Behind the wheel, the driver is treated to a sculpted, three-spoke steering wheel. The gauge cluster features two analog dials with a TFT display in between. The 2017 refresh is bringing Audi’s virtual cockpit to the A3, making the gauge cluster all digital. Still, the 2016’s gauges are well-designed and easy to read.

That power button allows the driver to retract the MMI screen for instances like nighttime driving

The center stack houses most of the A3’s controls, though it doesn’t look that way. Up top is the seven-inch MMI screen that rises upward from within the dash. The row of switches below the air vents houses controls for the drive mode selector, hybrid modes, parking sensors, hazard lights, traction control, and MMI screen power button. That power button allows the driver to retract the MMI screen for instances like nighttime driving.

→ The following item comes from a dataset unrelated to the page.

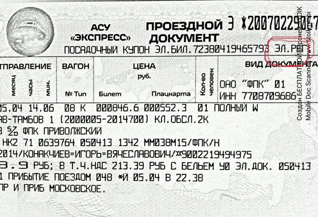 Распечатанный билет с пометкой ЭЛ. РЕГ. (выделено)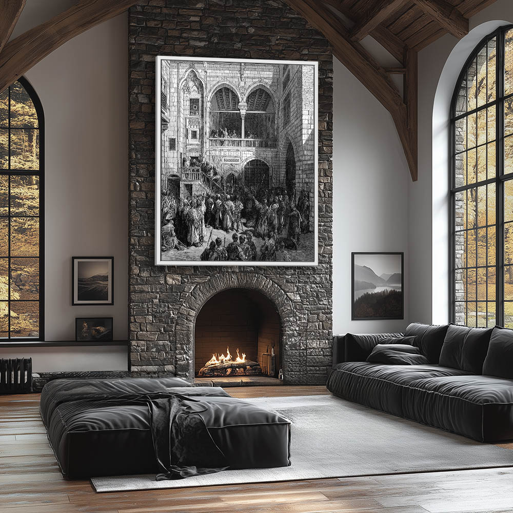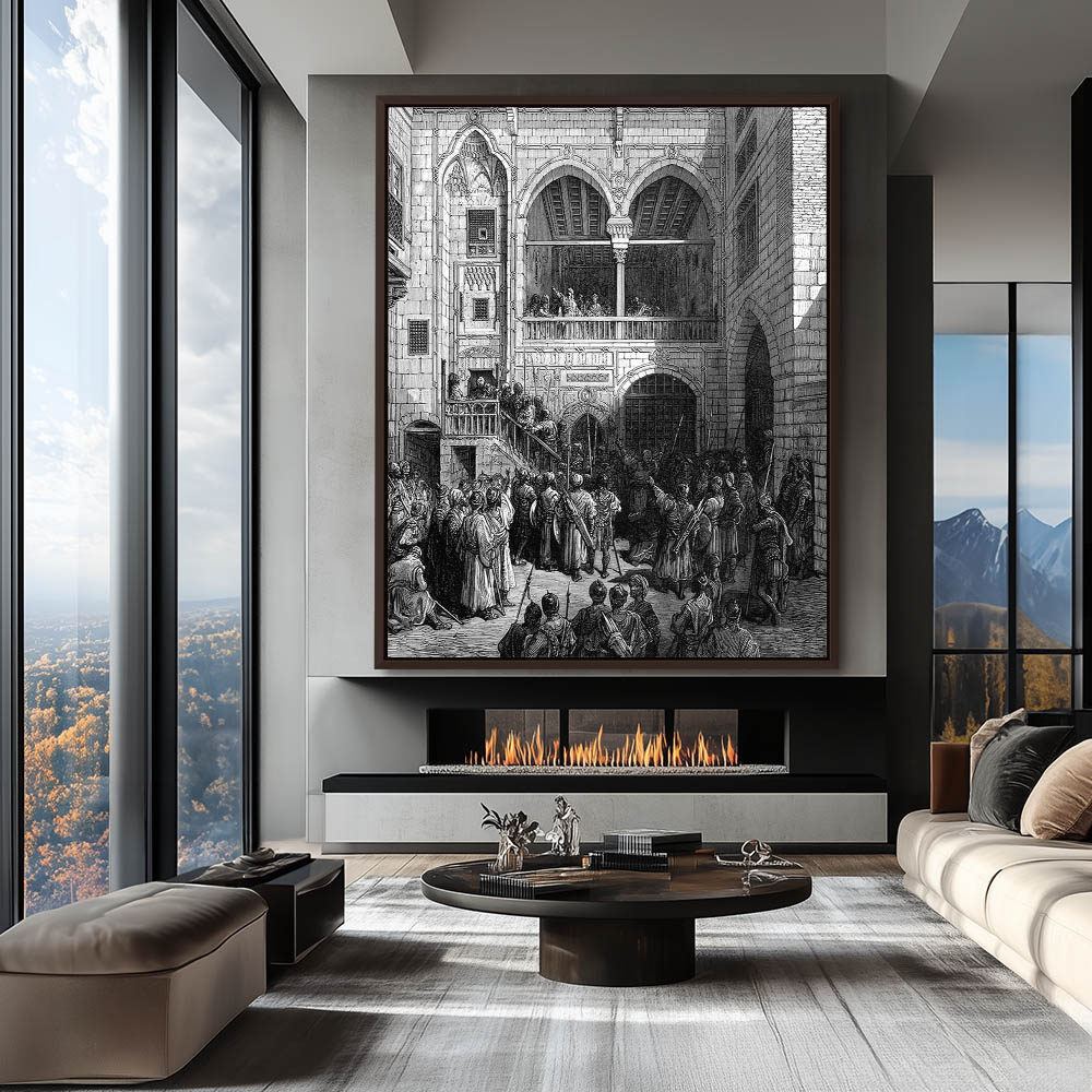 Vintage Etching of Constantine Palaeologus Haranguing the Defenders of Constantinople

The HVAC system resides further below and is a great example of simplicity. Dual zone temperature controls, defrost, fan speed, recirculation, and airflow location are all present, as well as the seat heaters.

Two cup holders reside ahead of the gear shifter while the MMI system controls all reside behind the leather-booted shift lever. Controlling the MMI system does take some getting uses to, especially for the non tech savvy. The center rotary dial allows for scrolling and selecting. Two toggle switches move fore and aft, allowing for quick selection of navigation, telephone, radio, and media controls. The four chrome-faced buttons beside the center rotary knob offer control for on-screen buttons. A simple menu and back button finish off the control switches.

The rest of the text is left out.